# [RECORDS SUPPLIED]
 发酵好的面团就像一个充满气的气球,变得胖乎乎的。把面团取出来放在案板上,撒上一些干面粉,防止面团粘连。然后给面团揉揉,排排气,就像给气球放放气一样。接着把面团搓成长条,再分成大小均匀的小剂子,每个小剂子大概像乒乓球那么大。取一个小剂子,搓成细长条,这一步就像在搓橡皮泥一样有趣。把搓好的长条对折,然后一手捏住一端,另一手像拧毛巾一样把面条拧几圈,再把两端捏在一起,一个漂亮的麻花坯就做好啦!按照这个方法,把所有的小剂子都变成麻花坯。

--

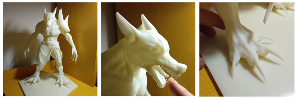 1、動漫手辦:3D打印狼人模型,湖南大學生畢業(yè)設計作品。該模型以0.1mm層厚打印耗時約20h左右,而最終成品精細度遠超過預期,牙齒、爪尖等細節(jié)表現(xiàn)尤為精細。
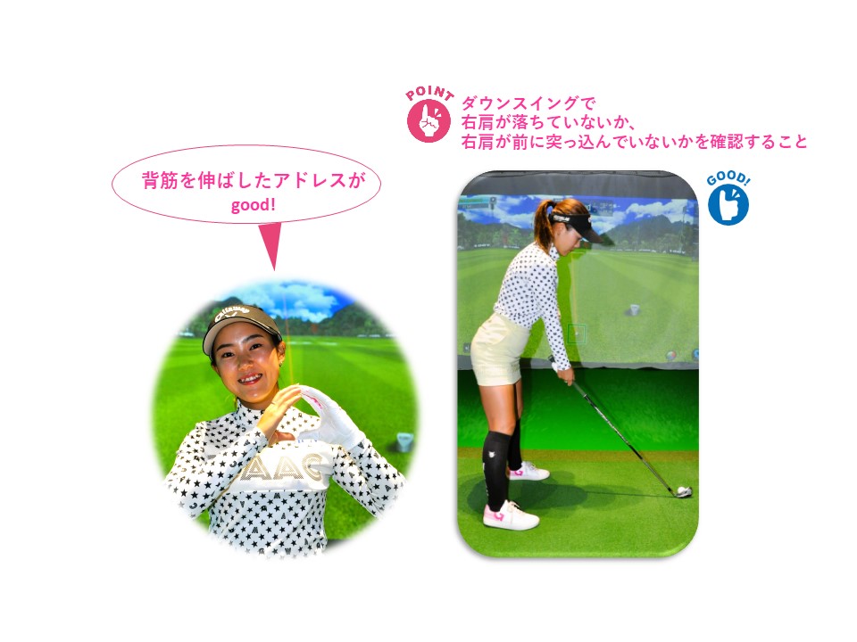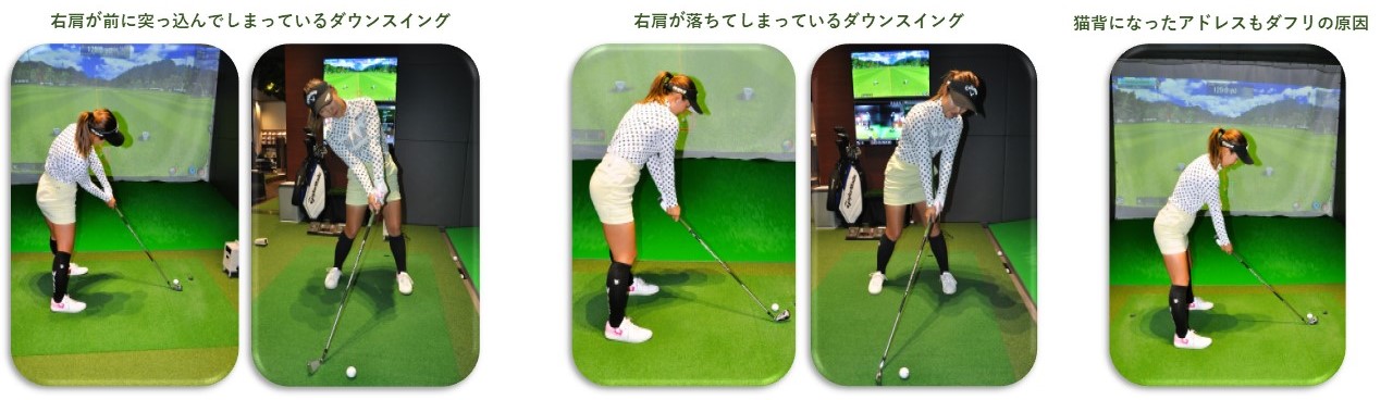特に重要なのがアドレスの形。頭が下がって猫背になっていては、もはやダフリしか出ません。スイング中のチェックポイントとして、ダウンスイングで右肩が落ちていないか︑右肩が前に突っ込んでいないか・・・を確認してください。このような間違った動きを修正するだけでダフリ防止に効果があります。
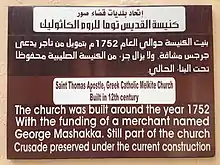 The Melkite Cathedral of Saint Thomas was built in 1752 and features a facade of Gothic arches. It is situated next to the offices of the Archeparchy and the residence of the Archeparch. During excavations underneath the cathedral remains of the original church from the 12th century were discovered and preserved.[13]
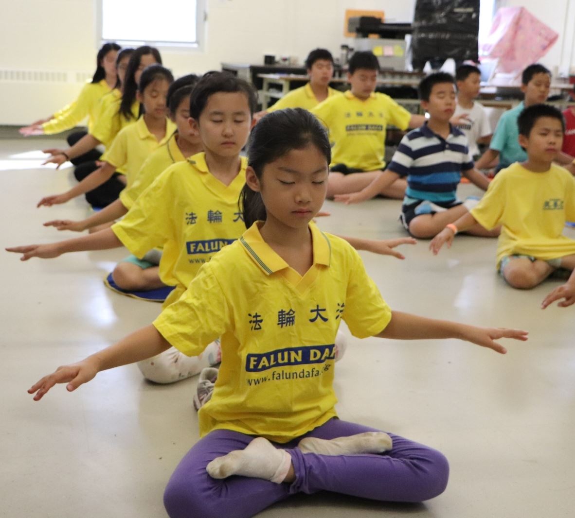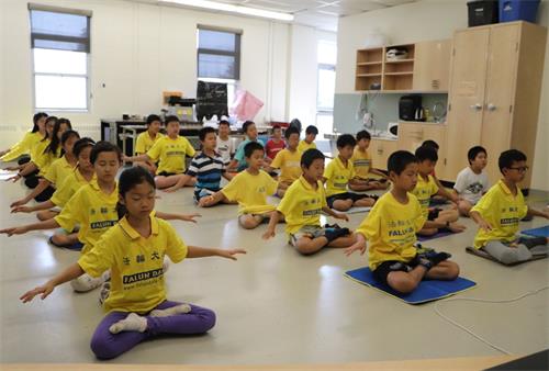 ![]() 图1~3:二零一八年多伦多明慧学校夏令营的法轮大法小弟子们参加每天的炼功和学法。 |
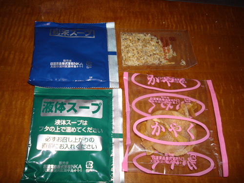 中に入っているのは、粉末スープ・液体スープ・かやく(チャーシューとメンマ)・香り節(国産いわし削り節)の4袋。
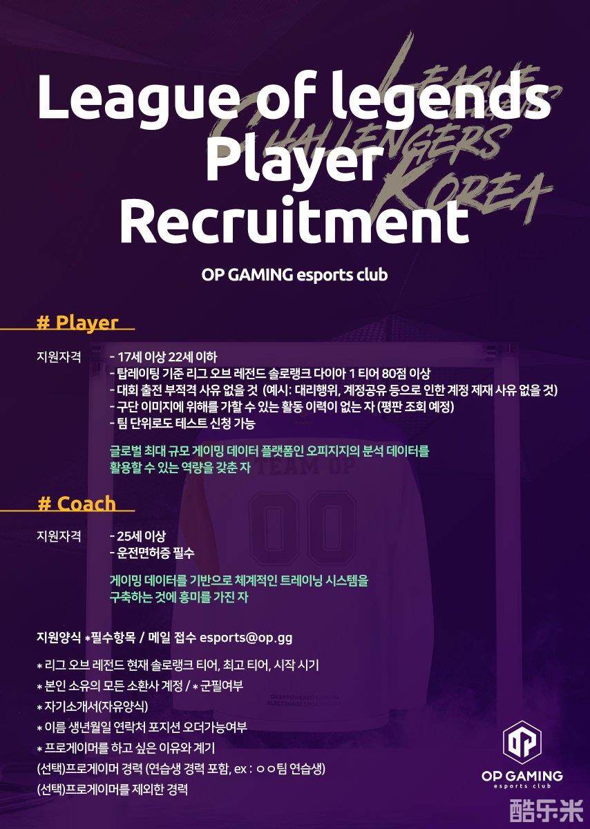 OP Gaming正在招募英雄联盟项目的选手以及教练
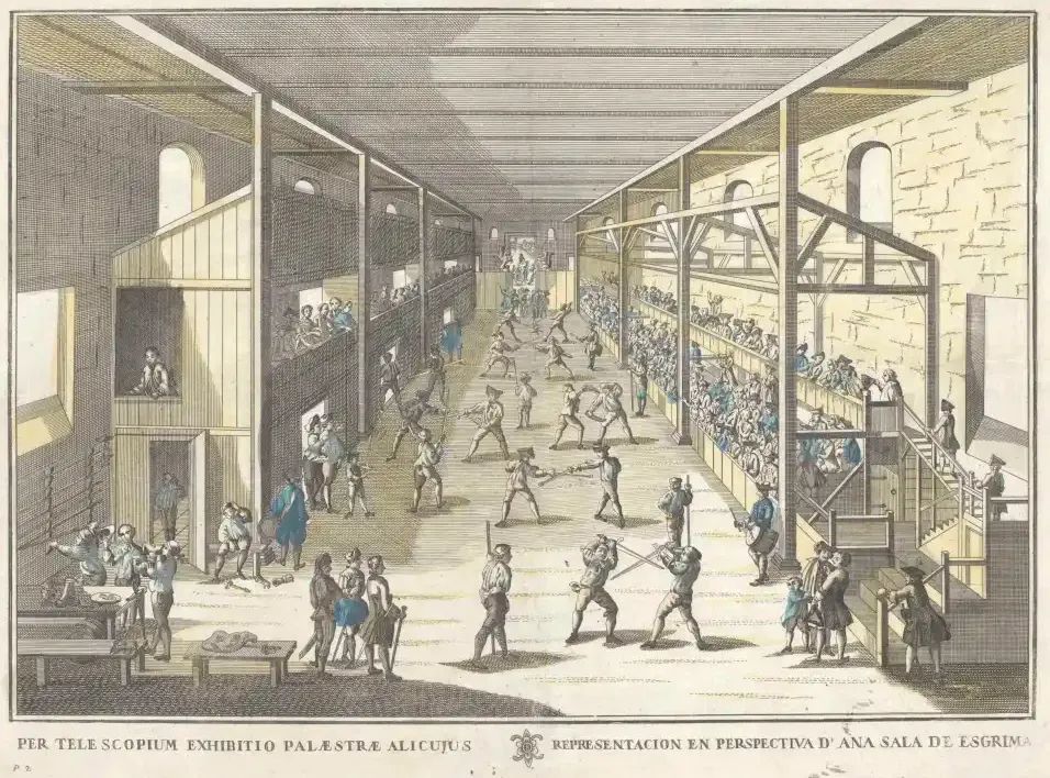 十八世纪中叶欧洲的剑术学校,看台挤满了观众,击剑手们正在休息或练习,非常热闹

...

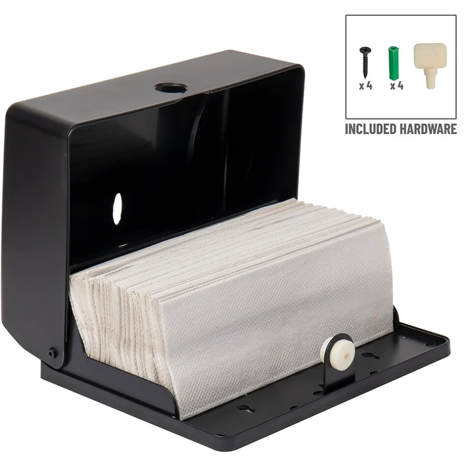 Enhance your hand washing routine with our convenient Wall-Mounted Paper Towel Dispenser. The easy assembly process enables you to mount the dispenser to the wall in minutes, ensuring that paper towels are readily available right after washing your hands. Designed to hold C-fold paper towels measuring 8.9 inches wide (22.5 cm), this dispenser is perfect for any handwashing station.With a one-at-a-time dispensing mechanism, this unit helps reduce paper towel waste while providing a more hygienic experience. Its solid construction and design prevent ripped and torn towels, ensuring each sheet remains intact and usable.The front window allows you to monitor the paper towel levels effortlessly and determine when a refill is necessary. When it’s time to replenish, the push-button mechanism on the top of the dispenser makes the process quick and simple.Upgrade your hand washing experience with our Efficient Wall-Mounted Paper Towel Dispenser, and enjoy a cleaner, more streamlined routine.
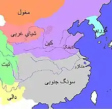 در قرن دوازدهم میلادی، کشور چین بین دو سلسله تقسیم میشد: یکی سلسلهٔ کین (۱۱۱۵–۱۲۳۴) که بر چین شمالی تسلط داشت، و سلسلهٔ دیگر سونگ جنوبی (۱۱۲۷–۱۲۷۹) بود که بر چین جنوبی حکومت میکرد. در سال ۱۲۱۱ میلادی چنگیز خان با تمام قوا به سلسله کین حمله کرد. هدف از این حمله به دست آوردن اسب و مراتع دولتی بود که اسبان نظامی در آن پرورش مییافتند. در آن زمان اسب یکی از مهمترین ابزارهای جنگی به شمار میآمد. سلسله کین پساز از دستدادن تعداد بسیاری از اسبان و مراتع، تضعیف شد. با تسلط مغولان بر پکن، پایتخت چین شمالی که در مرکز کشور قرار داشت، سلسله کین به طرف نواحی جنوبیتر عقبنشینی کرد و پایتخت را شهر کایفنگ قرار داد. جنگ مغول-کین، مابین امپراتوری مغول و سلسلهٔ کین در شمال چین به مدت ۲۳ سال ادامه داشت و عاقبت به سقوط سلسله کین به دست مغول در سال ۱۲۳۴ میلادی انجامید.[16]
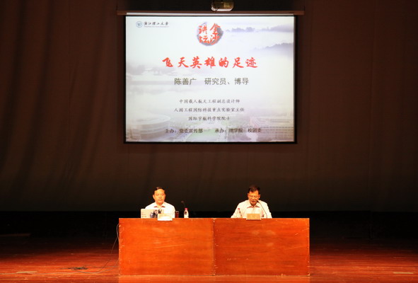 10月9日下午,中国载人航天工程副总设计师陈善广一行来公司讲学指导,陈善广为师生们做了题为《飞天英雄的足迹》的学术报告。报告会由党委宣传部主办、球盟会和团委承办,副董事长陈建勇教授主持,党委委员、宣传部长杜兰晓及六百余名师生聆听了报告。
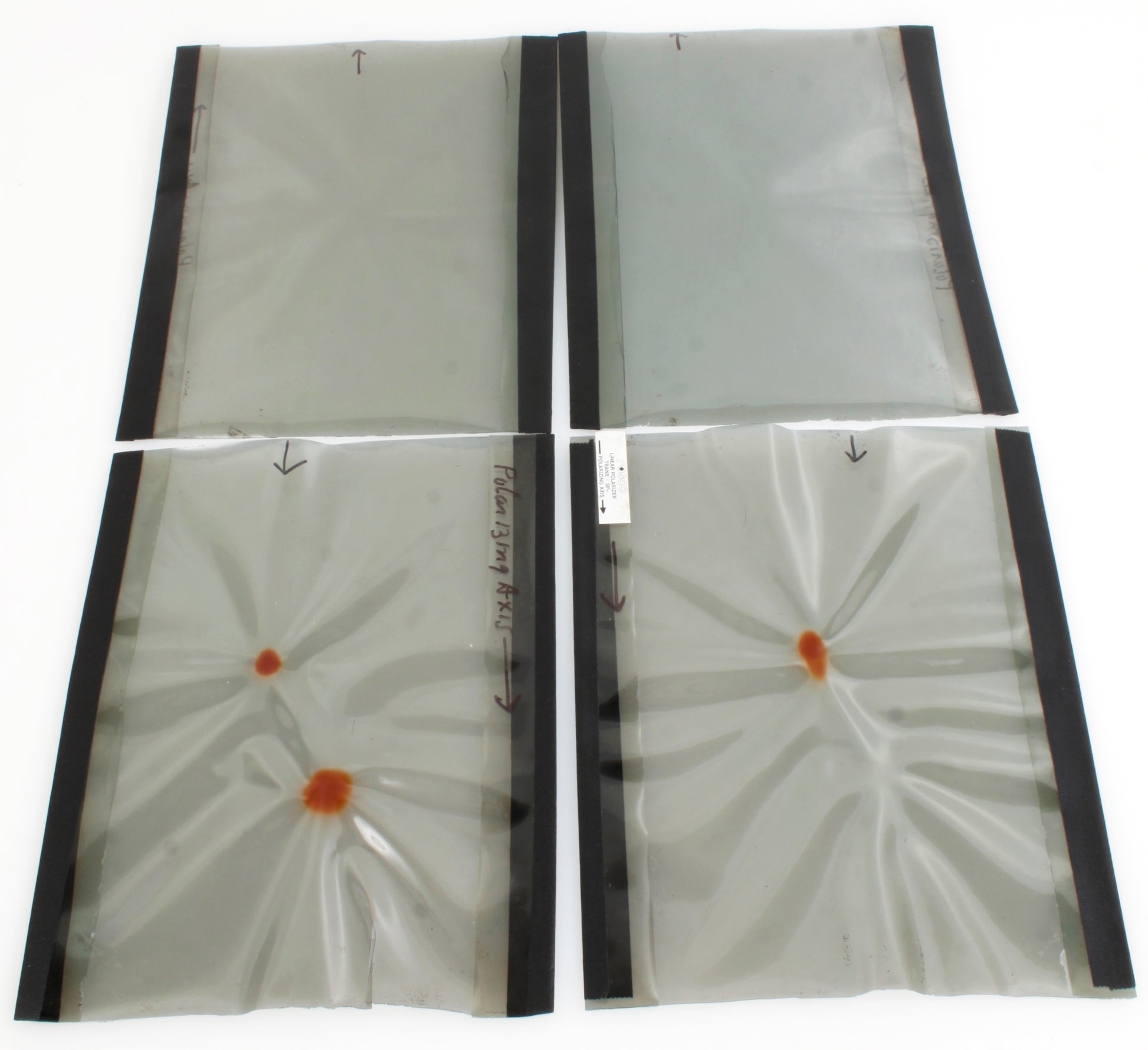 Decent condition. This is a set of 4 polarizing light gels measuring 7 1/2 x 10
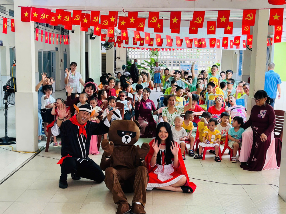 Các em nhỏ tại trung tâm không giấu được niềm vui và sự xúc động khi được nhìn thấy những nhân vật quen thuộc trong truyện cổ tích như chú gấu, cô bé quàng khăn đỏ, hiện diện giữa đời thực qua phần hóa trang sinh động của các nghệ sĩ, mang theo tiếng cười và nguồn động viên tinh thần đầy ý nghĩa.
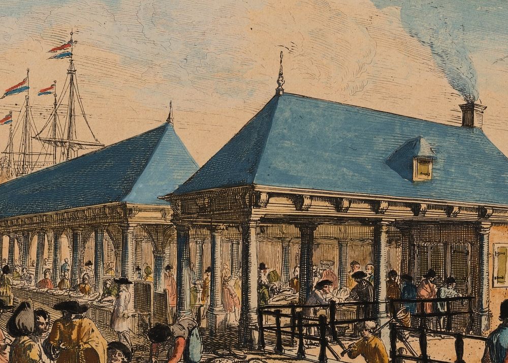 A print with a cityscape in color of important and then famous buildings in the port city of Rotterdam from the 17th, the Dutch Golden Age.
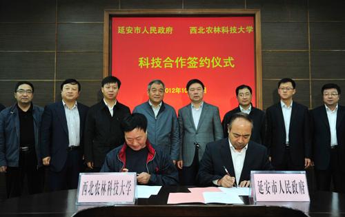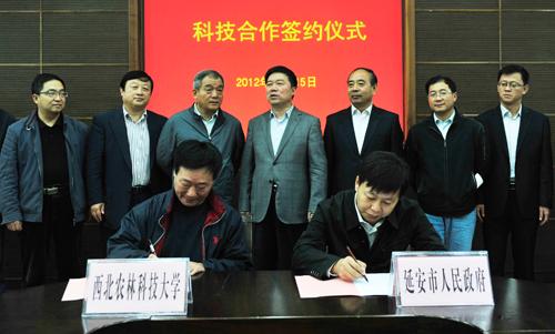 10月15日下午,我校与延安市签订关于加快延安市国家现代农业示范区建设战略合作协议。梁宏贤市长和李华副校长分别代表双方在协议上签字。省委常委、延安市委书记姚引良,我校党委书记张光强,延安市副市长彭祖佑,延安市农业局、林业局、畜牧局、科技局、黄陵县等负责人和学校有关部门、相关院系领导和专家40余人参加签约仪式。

# [WORK ORDER]
Of the lines above, copy only those from the one holding "OP Gaming正在招募英雄联盟项目的选手以及教练" to the one holding "十八世纪中叶欧洲的剑术学校,看台挤满了观众,击剑手们正在休息或练习,非常热闹", both included, and exclude every image.

# [ANSWER TO THE PROBLEM]
 OP Gaming正在招募英雄联盟项目的选手以及教练
 十八世纪中叶欧洲的剑术学校,看台挤满了观众,击剑手们正在休息或练习,非常热闹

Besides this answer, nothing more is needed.